Here is what I would expect to happen.

  1. It eventually crashes with a segfault when it tries to write into read-only memory.
  2. If you have a 64-bit address space, the loop will terminate once the int wraps around to the negatives. The program should at that point crash because you have overwritten the return address for the function main.

Here is what I observed to actually happen on my system, when the program is compiled without optimizations.

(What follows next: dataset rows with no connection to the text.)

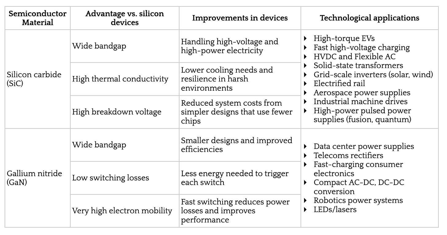 SiC and GaN have myriad uses in other transformative technologies from fusion. They will, in a sense, be the materials that underpin the “electro-industrial tech stack 2.0” as they become the gold standard in the next wave of electronics: self-driving cars, automated industrial facilities, 6G Internet, HVDC transmission lines, data center and EV power electronics. The list goes on and on, extending even to fusion.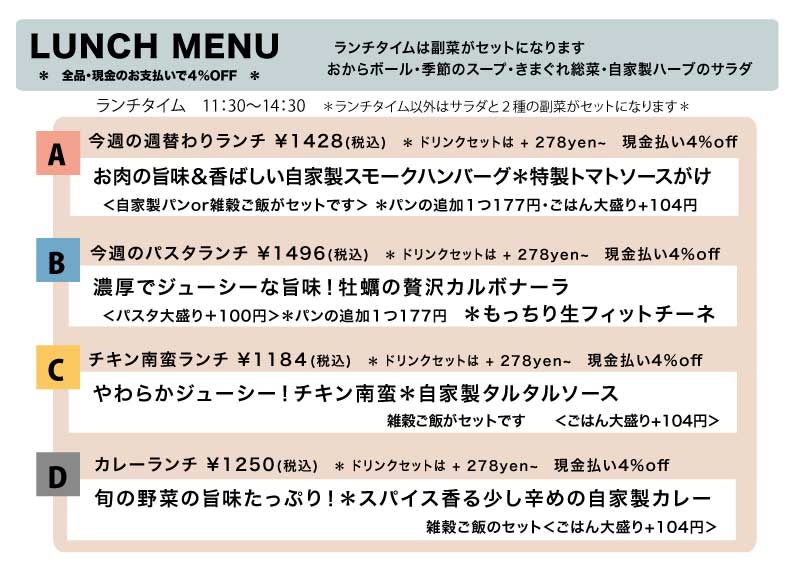 <ランチ出し始めが11:30~となります>10月 23日(木)~のメニュー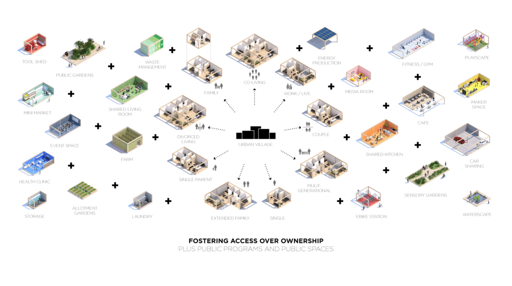 Urban Village Project는 우리 삶의 질을 향상하기 위해 미래의 집과 이웃과 도시를 설계하고 건설하는 방식을 제안하고 있습니다. 특히 모듈화된 조립식 설계와 시공으로 저렴한 집을 만들 수 있는데요. 단일 모듈을 확장해서 여러 가지 타입의 주거를 만들 뿐만 아니라 커뮤니티 시설도 모듈처럼 다양하게 만들어 조합하여 빌리지 만들기를 가능하게 합니다. 커뮤니티 시설은 모든 연령대 불특정 다수를 위한 공유기반 시설을 만드는 것으로 탁아소, 도시 농업, 공동 식사, 피트니스, 공유 교통과 같은 공유 시설 및 서비스 다양한 혜택을 통해 더 나은 일상생활을 가능하게 한다고 합니다.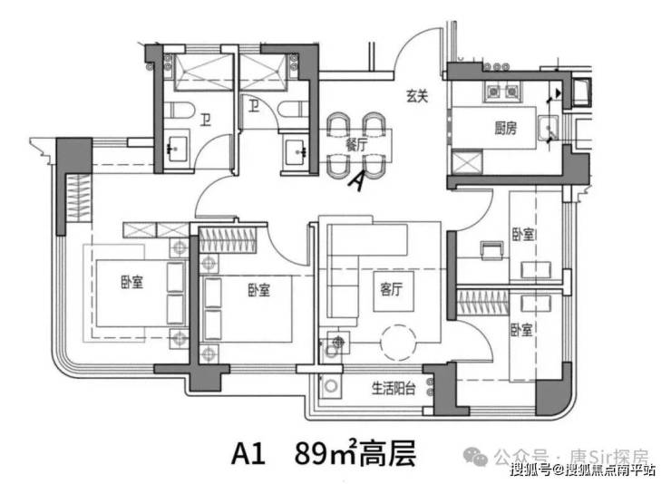 这个户型确实可以,入户赠送大前厅,主卧及客厅均有大阳台,次卧还有阳台。主卧180°采光。

  • The program loops indefinitely without crashing and without making progress, because it appears that p + 1 == &i under my system. Thus, the loop perpetuates indefinitely, because i gets reset to 0 after every iteration of the body of the loop, and increments to 1 at the end of the loop.
  • To observe this, I compiled with -g, and inside gdb, I interrupted the program with Control-C and printed p + i and &i and observed that they were the same.

Note that my observation may be specific to my system and is definitely specific to my compiler options.

Upvotes: 2

GazTheDestroyer
GazTheDestroyer

Reputation: 21241

On modern machines / OS's, each process has it's own virtual address space. One job of the OS is to map sections (pages) of this address space to real memory, and to swap out unused areas to disk. This is what allows multiple programs with memory demands far greater than the physical RAM to all run at once. It's also what causes "disk thrashing" if you don't have enough RAM, as the OS is constantly having to read and write pages of memory to the swap file.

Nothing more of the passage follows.